About this task: Nothing but the pictures should be dropped; repeat the rest of the data below exactly.

Supplied material:
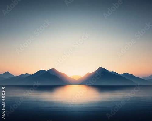 Mountain range forming a silhouette of Earth against a sunset ocean backdrop, symbolizing nature s balance, serene colors, ultrarealistic
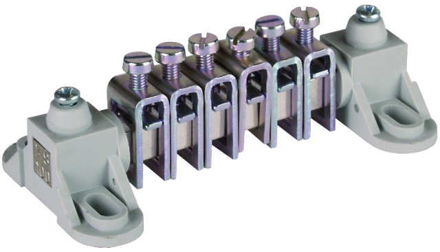 Szyna wyrównawcza MINI zgodna z normą DIN EN 62561-1, do ochronnego i funkcjonalnego wyrównywania potencjałów zgodnie z normą DIN VDE 0100-410/540 i piorunowego wyrównania potencjałów zgodnie z normą DIN EN 62305-3 (VDE 0185-305-3). Wykonanie MINI, przetestowane zgodnie z DIN VDE 0609, zaciski szeregowe St/gal Zn, ramki mocujące do szyny i pokrywa z tworzywa sztucznego, kolor szary (bezhalogenowe).
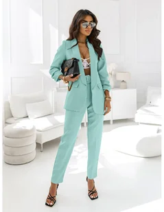 Modny garnitur marynarka i spodnie NAJAT - light blue Postaw na styl, który zachwyca klasą i nowoczesnym charakterem – elegancki komplet garniturowy w delikatnym odcieniu light blue to must-have każdej modnej kobiety. Dopasowana marynarka o przedłużonym kroju z klapami i kieszeniami świetnie podkreśla sylwetkę, a spodnie z wysokim stanem i paskiem pięknie modelują talię. Całość prezentuje się niezwykle szykownie, a jednocześnie pozwala na pełną swobodę ruchów – idealna propozycja na spotkania biznesowe, ważne wydarzenia lub stylowy lunch z przyjaciółkami. Możesz nosić go klasycznie – z elegancką koszulą i szpilkami, lub przełamać stylizację zmysłowym topem lub koronkową bielizną, jak na zdjęciu, tworząc modowy, odważny look. Zestaw świetnie komponuje się z dodatkami w kolorze czerni lub złota – postaw na lakierowaną torebkę, sandałki na obcasie i biżuterię XXL.

Task output:
 Mountain range forming a silhouette of Earth against a sunset ocean backdrop, symbolizing nature s balance, serene colors, ultrarealistic
 Szyna wyrównawcza MINI zgodna z normą DIN EN 62561-1, do ochronnego i funkcjonalnego wyrównywania potencjałów zgodnie z normą DIN VDE 0100-410/540 i piorunowego wyrównania potencjałów zgodnie z normą DIN EN 62305-3 (VDE 0185-305-3). Wykonanie MINI, przetestowane zgodnie z DIN VDE 0609, zaciski szeregowe St/gal Zn, ramki mocujące do szyny i pokrywa z tworzywa sztucznego, kolor szary (bezhalogenowe).
 Modny garnitur marynarka i spodnie NAJAT - light blue Postaw na styl, który zachwyca klasą i nowoczesnym charakterem – elegancki komplet garniturowy w delikatnym odcieniu light blue to must-have każdej modnej kobiety. Dopasowana marynarka o przedłużonym kroju z klapami i kieszeniami świetnie podkreśla sylwetkę, a spodnie z wysokim stanem i paskiem pięknie modelują talię. Całość prezentuje się niezwykle szykownie, a jednocześnie pozwala na pełną swobodę ruchów – idealna propozycja na spotkania biznesowe, ważne wydarzenia lub stylowy lunch z przyjaciółkami. Możesz nosić go klasycznie – z elegancką koszulą i szpilkami, lub przełamać stylizację zmysłowym topem lub koronkową bielizną, jak na zdjęciu, tworząc modowy, odważny look. Zestaw świetnie komponuje się z dodatkami w kolorze czerni lub złota – postaw na lakierowaną torebkę, sandałki na obcasie i biżuterię XXL.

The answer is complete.